A January 2022 Human Rights First report discussed CBP’s denial of humanitarian parole requests for highly vulnerable migrants at the San Ysidro Port of Entry between San Diego and Tijuana.

CBP has denied or ignored more than 100 of the 147 humanitarian parole requests Al Otro Lado submitted to the San Ysidro port of entry, according to attorney Ginger Cline. People denied parole by CBP at the San Ysidro port of entry since December 2021 include: a Salvadoran woman with epilepsy who was kidnapped, drugged, and beaten in Mexico; a Haitian man who experienced two racially motivated assaults in Tijuana; a Mexican woman fleeing cartel threats and severe domestic violence whose 9-year-old child was sexually abused; a Haitian man with painful growths on his chest who was sexually assaulted by his employer and who has been unable to access medical treatment in Tijuana; and a LGBTQ Haitian person who was assaulted in Mexico.

Yet, at other U.S. ports of entry, including Brownsville and Hidalgo, CBP officers have approved hundreds of humanitarian parole requests since late 2021, according to Charlene D’Cruz with Lawyers for Good Government.

A Shameful Record: Biden Administration’s Use of Trump Policies Endangers People Seeking Asylum (New York: Human Rights First: January 13, 2022) https://www.humanrightsfirst.org/resource/shameful-record-biden-administration-s-use-trump-policies-endangers-people-seeking-asylum.

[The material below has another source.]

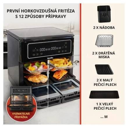 Breville VDF130X-01 je friteza na vrući zrak Halo Flexi s dvije zone velikog kapaciteta i ukupnim kapacitetom od 11 litara. Omogućuje vam istovremeno kuhanje dva jela u odvojenim komorama ili jednoj velikoj komori nakon uklanjanja pregrade. Nudi širok raspon mogućnosti pripreme hrane – od prženja u dubokom ulju, preko roštiljanja, pečenja do zagrijavanja.
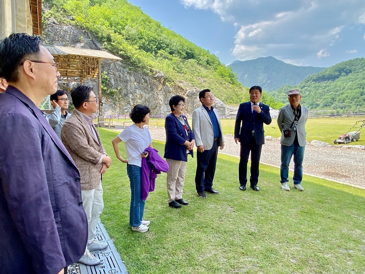 오전 10시 현장을 방문한 일행은 제1주차장에서 버스로 현장에 도착 도슨트의 해설에 따라 가장 위쪽 전망대까지 올라가 아래로 보이는 두 개의 에메랄드 빛 호수를 내려다봤다. 잠시 뒤 좀 더 가까이서 호수를 보기 위해 동해시에서 가장 높은 산 청옥산에서 따온 청옥호 호수 앞 광장에서 40년간 쉴 틈 없이 석탄을 채굴하던 거인이 드디어 휴식의 시간을 가졌다는 <거인의 휴식>에 대한 조형물 해설과 호수가 생기기까지의 삶을 경청했다. 현장에서는 평택시의회 김영주, 이윤하, 최선자, 소남영, 최준구 의원 회원과 박성복(평택학 연구소 소장), 최치선(평택학연구소 이사), 김준현(한신대학교 교수), 김윤태(평택문화재단 이사), 이충원 간사(문화창작소 서우 대표) 등 회원이 합류한 사실을 알고 동해시의회 이동호의장의 환영을 받고 바로 옆에 있는 석회석을 잘게 부수는 공간 쇄석장을 방문해 당시 현장의 생생한 기억을 사진과 도슨트의 해설로 돌아봤다.

Sector(s): San Diego Field Office

Agency(ies): CBP

Event Type(s): Denial of Protection to Most Vulnerable

Last Known Accountability Status: Unknown

Victim Classification: Black, Disability, Domestic Violence Victim, El Salvador, Family Unit, Haiti, Kidnap Victim, LGBTQ, Mexico, Sexual Abuse Victim

January 6, 2022

The Kino Border Initiative reported on recent cases of expulsions into Mexico of particularly vulnerable migrants who do not speak Spanish:

Sixteen percent of those arriving at KBI in the last two weeks of December originally migrated from Haiti. Several of the Haitian families could not respond to simple questions in Spanish without the assistance of an interpreter. In some cases, one individual from the group spoke enough Spanish to interpret for others who did not speak Spanish. One young Haitian woman described experiencing discrimination during their journey north. She reported that her family was extorted in every country they traveled through, including members of the Mexican National Guard who stopped them in southern Mexico, opened up their backpacks, and took whatever they wanted.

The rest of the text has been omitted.